Die 3 wohnen in 26603 Aurich .....

Gruß Micha


----------



## CoolNiro (20. Juli 2009)

*AW: Mein Mini mit Bachlauf*

hallo Micha,

schade, das ist für einen Umzug zu mir zu weit,
vielleicht findet sich ja jemand in der Nähe...
oder Du baust einen neuen Teich mit ordentlich
Kubikmeter 

Gruß
Andy


----------



## kleenerMicha (20. Juli 2009)

*AW: Mein Mini mit Bachlauf*

Tja, wenn ich den Platz hätte dann würd ich mir auch gerne nen größeren Teich buddeln aber ich hab nur ne Terrasse mit ca 9 m² Rasenfläche dran, da ist leider nix zu machen  ...


----------



## CoolNiro (20. Juli 2009)

*AW: Mein Mini mit Bachlauf*

9 Quadratmeter hört sich doch gut an, da brauchst
Du nicht mehr Rasen mähen


----------



## kleenerMicha (20. Juli 2009)

*AW: Mein Mini mit Bachlauf*

Nee, die ganze Fläche voll Wasser laufen lassen geht nicht, da wird mein Vermieter wohl nicht so ganz einverstanden sein mit... Aber mal schauen, verdoppeln könnte gradeso noch klappen vom Platz her....


----------



## etaine (20. Juli 2009)

*AW: Mein Mini mit Bachlauf*

hallo micha,
ich kann mich nur anschliessen; gut und sehr verantwortungsvoll, dass du auf den rat hörst, die fische artgerecht umzusiedeln. man liest hier auch häufig: "ja, aber..." und dann kommen hahnebüchene argumente, warum sich deren fische in badwannentemperaturen im sommer genauso wohl fühlen, wie im eiswürfelbad im winter. und so manch einer führt noch ins feld, er brächte es aus reiner liebe zum gerade erworbenen tier nicht fertig, sich von ihm wieder zu trennen und hofft wohl auf ein ebenso geartetes gefühl seines büchsenfisches.
und deswegen nochmal. super, dass von dir im sinne des tierschutzes kein "ja, aber.." zu lesen ist. es gibt ja genug "fischteichler" hier. vielleicht findet sich auch schon bald einer. poste es doch mal extra.
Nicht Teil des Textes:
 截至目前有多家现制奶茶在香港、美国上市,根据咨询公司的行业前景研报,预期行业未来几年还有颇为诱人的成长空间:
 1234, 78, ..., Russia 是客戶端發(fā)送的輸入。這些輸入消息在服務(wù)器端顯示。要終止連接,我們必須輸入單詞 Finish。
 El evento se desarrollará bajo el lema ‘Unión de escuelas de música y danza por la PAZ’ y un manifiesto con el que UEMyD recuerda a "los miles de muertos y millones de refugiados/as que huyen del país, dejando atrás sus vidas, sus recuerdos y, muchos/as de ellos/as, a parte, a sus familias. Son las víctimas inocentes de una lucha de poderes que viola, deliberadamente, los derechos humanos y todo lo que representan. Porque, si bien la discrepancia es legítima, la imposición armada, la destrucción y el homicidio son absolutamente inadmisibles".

mit dem __ pfennigkraut am rand, wird, wie ina gesagt hat, der unschöne schwarze rand des fertigteiches bald verschwinden. das zeug wuchert ins wasser und von der anderen seite wieder raus, wenn es sein muss. ich hab meinen fertigmini erst im mai angelegt und bin mittlerweilen alle zwei wochen am pfennigkraut einstutzen, da es im teich auch unter wasser einen teppich bildet. aber bei einem kleinem teich ist das kein problem. die vorteile überwiegen. ich hab hier auf den schlauen rat der erfahrenen teichler gehört und  genügend sumpf- und schwimmpflanzen gesetzt und mein teich ist klar, obwohl viele blätter ins wasser fallen und ich sie nicht immer sofort erwisch.
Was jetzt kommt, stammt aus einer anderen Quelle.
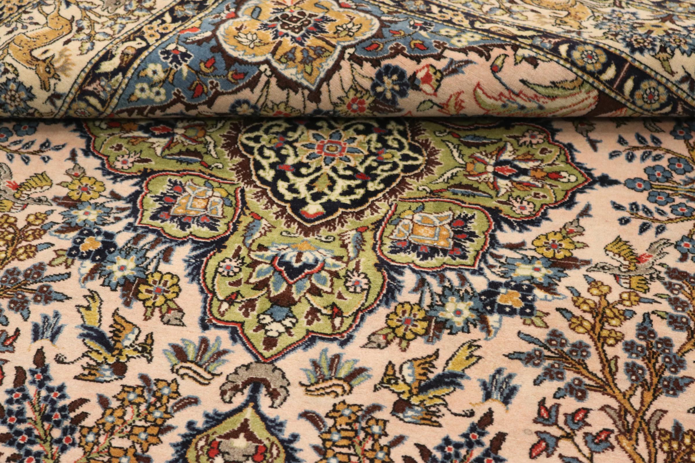 Esta cortiça Ghom é o resultado da mais elevada qualidade artesanal. O seu pelo fino e a sua urdidura convencem mesmo os coleccionadores de tapetes. Este tapete persa foi tricotado à mão na cidade sagrada de Ghom a partir da melhor lã de cortiça. A lã de cortiça é particularmente macia e gordurosa, uma vez que é tosquiada exclusivamente na zona do pescoço da ovelha. Um tapete persa dificilmente poderia ser mais bonito e macio. Esse destaque ganhou sua própria categoria conosco.
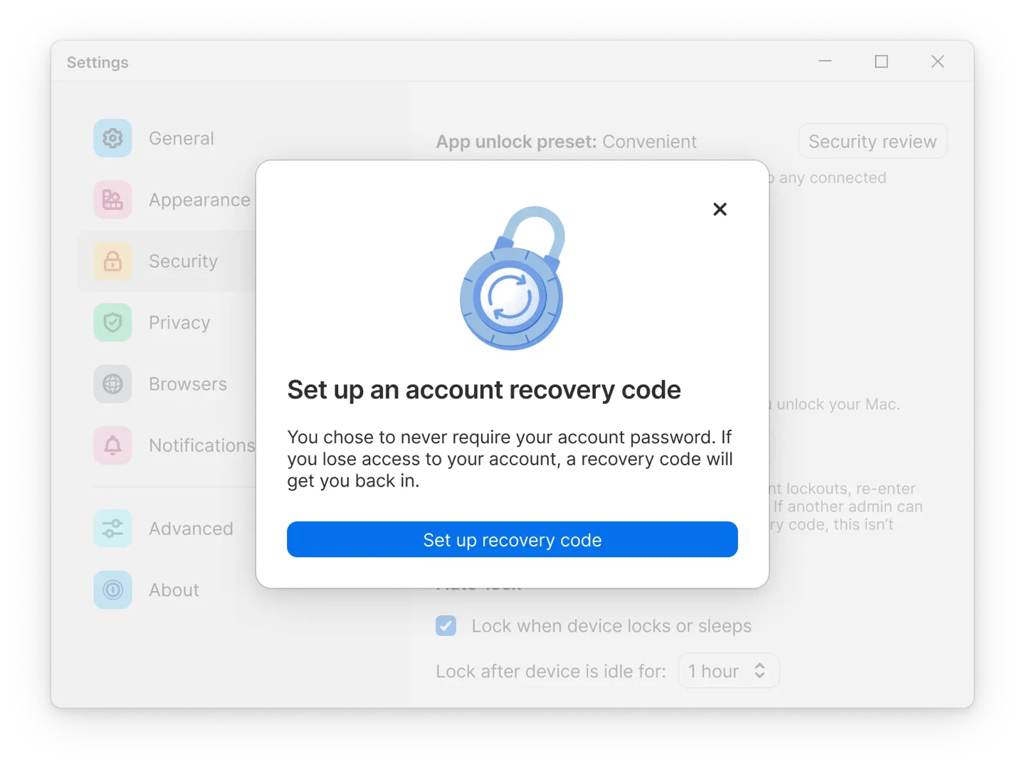 便捷模式:1Password 会与 Mac 设备同步自动锁定和解锁,提供最流畅的体验。

viel spass mit dem teich und viel glück bei der suche nach ner neuen fischheimat
doris


----------



## kleenerMicha (20. Juli 2009)

*AW: Mein Mini mit Bachlauf*

Tja, ich werde mich dann schweren Herzens von meinen Fischi´s trennen und schwenke um auf ein Biotop... evtl wird der Teich noch vergrößert, mal schauen, erstmal werd ich mich jetzt mit Pflanzen eindenken und den Teich richtig bepflanzen.


----------



## snoopy3274 (20. Juli 2009)

*AW: Mein Mini mit Bachlauf*

Hallo Micha,

ja das mit den Fischen ist so eine Sache, ich war heute auch im Zoo Geschäft, und meine Kinder wollen unbedingt jeder einen Fisch hineinsetzten, und so sind sie zum Verkäufer hin und glatt sagt der "ist doch kein Problem" die Kinder sind natürlich direkt zu mir und zeigten mir dann sogar noch "Mini-Kois" (habe hier gelesen, gibt es garnicht) würden nur bis 10cm groß und man könnte sie im kleinen Teich halten, so mußte ich dann hingehen und meine Kinder wieder vom gegenteil überzeugen, ich habe sie hier im Forum lesen lassen, und jetzt will ich hoffen, daß das Thema vom Tisch ist.
Unser Teich ist heute fertig geworden, hier mal 3 Bilder.

Viele liebe Grüße
Marion


----------



## snoopy3274 (20. Juli 2009)

*AW: Mein Mini mit Bachlauf*

Die Bilder


----------



## kleenerMicha (21. Juli 2009)

*AW: Mein Mini mit Bachlauf*

Wow, der ist auch sehr schön geworden,  !!!
Euer Mini hat sogar ne Sumpfzone wenn ich das richtig gesehen habe, wie habt ihr das denn gemacht, war die an der Schale schon mit dran  ? Und noch ne Frage: Wie groß ist der Teich und wie breit ist bei euch der Abstand zwischen der Wand und dem Bordstein? Meine Terasse sieht ganz ähnlich aus, deswegen frag ich .... 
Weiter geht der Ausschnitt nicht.